Author: Maggy Anthony
Publisher: Routledge
Published: 2020-11-09
Total Pages: 94
ISBN-13: 0429879709
DOWNLOAD EBOOKWomen and Dionysus links repression of the Dionysian spirit in Western culture with the rise of the patriarchy over the course of two millennia. It effectively draws aconnection between Dionysus and women throughout history, with examples from cultures both past and present, and the author’s own experiences. Maggy Anthony explores Dionysus’ role as god of the vine, creativity and passion, and his impact on art and literature. The book examines the Dionysian influence on creative older women, including Georgia O’Keeffe, Martha Graham and Marguerite Duras; examines Dionysus in mythology, history and religion; and considers connections to mysticism and the Renaissance.
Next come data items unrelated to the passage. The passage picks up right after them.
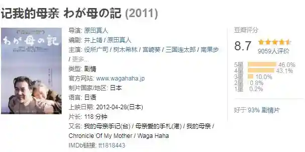 截止目前为止豆瓣评分高达8.7分,好于93%的剧情片,让人遗憾的是目前只有9000多条评价,算是小众电影里的佼佼者。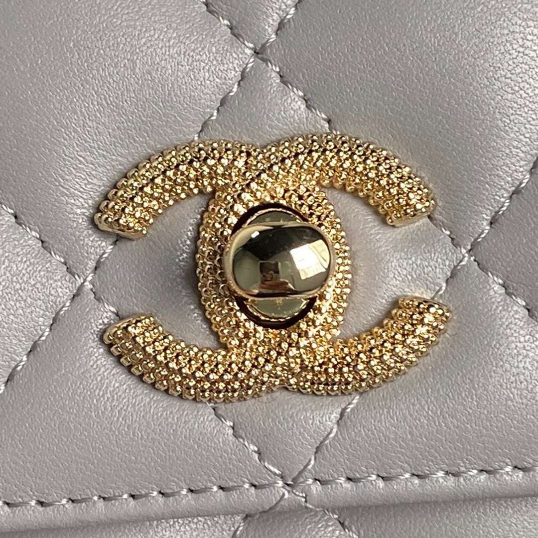 chanel 24k Embossed rhinestone chain woc white shiny lambskin gold hardware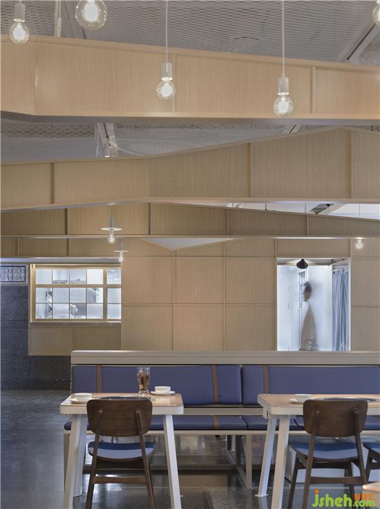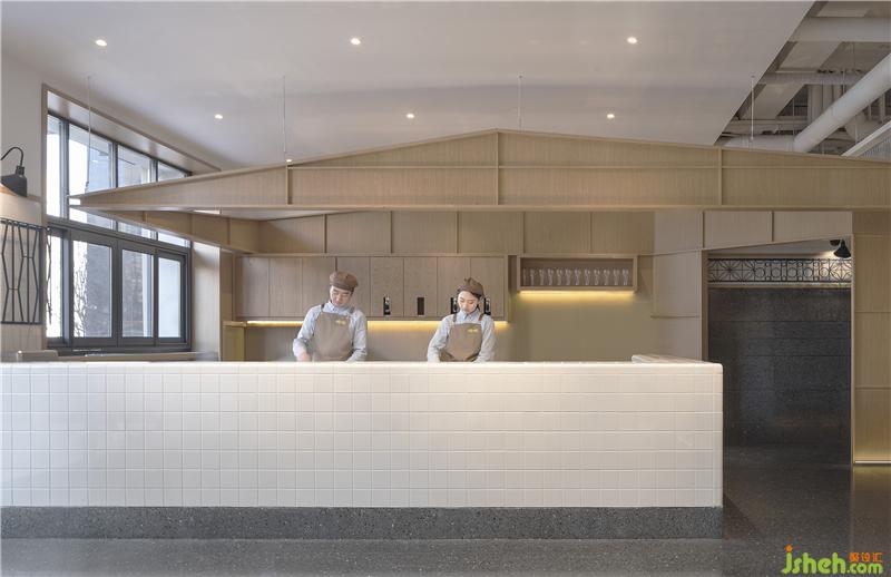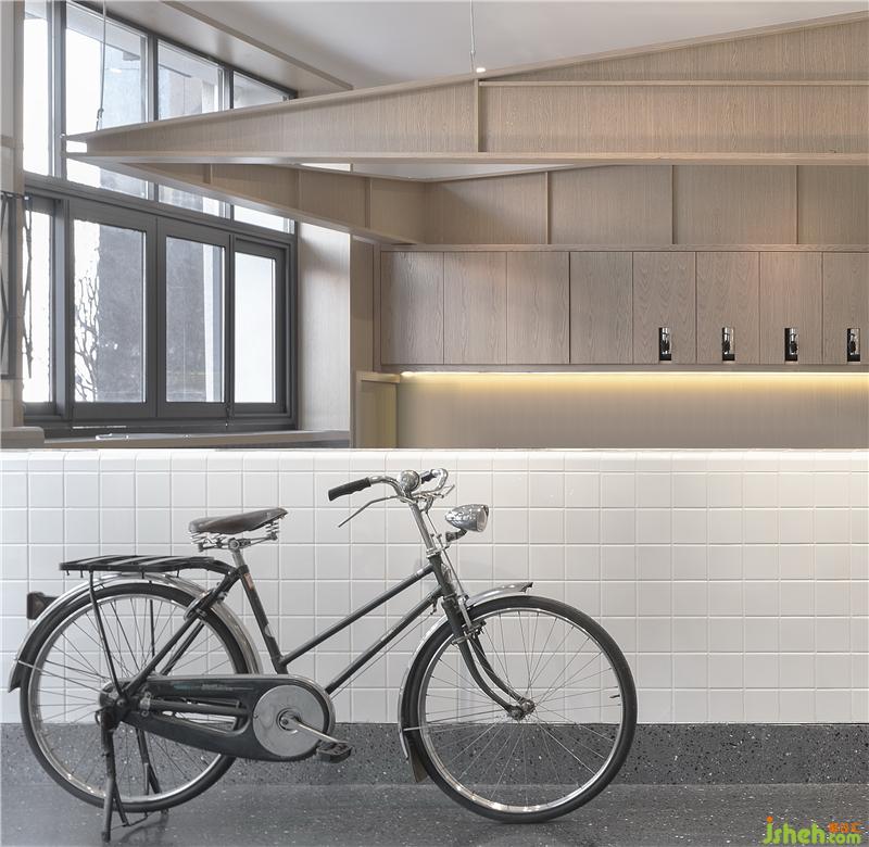 走進店內(nèi),目光所及充滿了舊火車站的氣息,一臺28老式自行車側(cè)立在門口。隔著各式紋樣的花玻璃,看到人影閃爍,以及半遮面的一個大大的時鐘。轉(zhuǎn)身向里走,是兩個郵筒。在臺灣郵筒是成對出現(xiàn)的,有一對郵筒還因為被大風(fēng)吹彎,模樣意外可愛成為臺北最熱門景點之一。郵筒后就是暖暖茶歇了,干凈的小白磚臺面,轉(zhuǎn)角處的弧形小白磚,隱約透露著純樸與精致。黑糖珍珠的霧氣裊裊升騰,暖暖的香味彌漫整個茶歇,融合師傅們忙忙碌碌的身影,仿佛排隊進站一樣的熱鬧。餐廳設(shè)計

Anthony goes on to explore how women’s expressions of creativity through healing, wine-drinking and dancing were condemned in history, and how modern African and Latin American rites contrast with Western traditions. Finally, the book looks at ‘outbreaks’ of modern Dionysian spirit - from Haight-Ashbury to the Burning Man festival - and speculates on its future. This unique study will be essential reading for academics and scholars of Jungian and post-Jungian studies, and for analytical and depth psychologists, particularly those with an interest in female individuation, creativity, and spirituality.